For Hemingway enthusiasts eager to visit, there’s a seat at the elegant mahogany bar inside with the writer’s name etched in brass on the top (we can’t confirm if he ever actually sat there but it looks cool).

Rue Mouffetard

“That wonderful narrow crowded market street,” was how Hemingway described the rue Mouffetard and it’s just as lively today. Though in the 1920s it would have been a chaotic working market, these days it’s quite a touristy affair and yet there’s still a certain charm.

With stalls and terraces spilling over from either side, it’s a colourful smorgasbord of fresh fruit, sticky patisseries and gooey cheese that’s well worth a serendipitous stroll.

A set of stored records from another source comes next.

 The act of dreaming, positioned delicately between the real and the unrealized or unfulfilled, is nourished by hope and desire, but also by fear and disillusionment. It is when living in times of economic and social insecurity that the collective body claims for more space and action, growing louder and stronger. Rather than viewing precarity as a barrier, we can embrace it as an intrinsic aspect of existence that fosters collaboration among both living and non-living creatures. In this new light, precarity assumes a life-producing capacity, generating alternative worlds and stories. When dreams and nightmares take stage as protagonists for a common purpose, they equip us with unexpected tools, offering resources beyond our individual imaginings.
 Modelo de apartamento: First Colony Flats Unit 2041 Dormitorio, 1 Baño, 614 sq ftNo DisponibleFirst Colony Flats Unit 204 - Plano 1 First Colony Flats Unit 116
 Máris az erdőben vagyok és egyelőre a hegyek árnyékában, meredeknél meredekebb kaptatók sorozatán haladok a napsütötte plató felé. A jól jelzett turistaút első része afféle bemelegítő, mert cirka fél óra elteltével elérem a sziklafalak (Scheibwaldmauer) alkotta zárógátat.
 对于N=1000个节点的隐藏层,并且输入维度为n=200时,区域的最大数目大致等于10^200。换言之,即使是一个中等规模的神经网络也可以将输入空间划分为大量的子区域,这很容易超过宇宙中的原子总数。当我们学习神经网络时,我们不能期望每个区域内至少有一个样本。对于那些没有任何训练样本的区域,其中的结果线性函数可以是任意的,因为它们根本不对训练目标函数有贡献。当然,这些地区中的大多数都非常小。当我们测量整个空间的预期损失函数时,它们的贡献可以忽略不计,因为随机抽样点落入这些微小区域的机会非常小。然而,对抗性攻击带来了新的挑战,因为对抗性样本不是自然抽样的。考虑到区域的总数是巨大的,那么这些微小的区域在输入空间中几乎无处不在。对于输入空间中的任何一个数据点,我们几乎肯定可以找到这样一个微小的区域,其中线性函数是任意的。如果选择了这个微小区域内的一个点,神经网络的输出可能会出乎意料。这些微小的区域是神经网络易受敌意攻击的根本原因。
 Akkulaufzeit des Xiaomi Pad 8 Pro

If it’s particularly busy, escape the crowds and head north across Place de la Contrescarpe to check out Hemingway’s first apartment at 74 Rue du Cardinal Lemoine.

Sophie Augustin
Rue MouffetardSophie Augustin

Shakespeare & Company

While these days it’s a somewhat touristy and ostentatious (though still charming) spot across the river from Notre Dame Cathedral, the original rickety old Shakespeare and Co was located on the quiet rue de l‘Odéon, just north of the Luxembourg gardens. The English-speaking bookstore was a refuge for Hemingway and many of his other expatriate writer friends including James Joyce and Gertrude Stein.

“On a cold windswept street, this was a warm, cheerful place with a big stove in winter, tables and shelves of books, new books in the window, and photographs on the wall of famous writers both dead and living,” he wrote in A Moveable Feast.

Jeevan Jose
The iconic Shakespeare & CoJeevan Jose

Les Deux Magots

Another survivor of Paris’s roaring café culture of the 1920s, Les Deux Magots on Boulevard Saint-Germain is where Hemingway would often meet his friends for drinks. French literary heavyweights including Jean-Paul Satre and Simone de Beauvoir also spent many hours underneath its famous awnings.

While the writers of Hemingway’s day would baulk at today’s extortionate prices, its sublime Art Deco interior and artistic legacy still makes the brasserie a fine place for a coffee or a cocktail (probably just one). One fleeting vignette from A Moveable Feast gives an amusing window into the drinking habits of Irish writer James Joyce – “He asked me to have a drink with him and we went to the Deux-Magots and ordered dry sherry although you will always read that he only drank Swiss white wine.”

Wikimedia commons
Les Deux MagotsWikimedia commons

The banks of the Seine

From the fishermen who fascinated him to the secondhand bookstalls (bouquinistes) dotted along its banks, Hemingway loved a stroll along the Seine. Though the fishermen have long since left Paris, it’s still easy to see why he loved the iconic river so much.

Painting an evocative picture, Hemingway wrote “with the fishermen and the life on the river, the beautiful barges with their own life on board, the tugs with their smoke-stacks that folded back to pass under the bridges, pulling a tow of barges, the great elms on the stone banks of the river, the plane trees and in some places the poplars, I could never be lonely along the river.”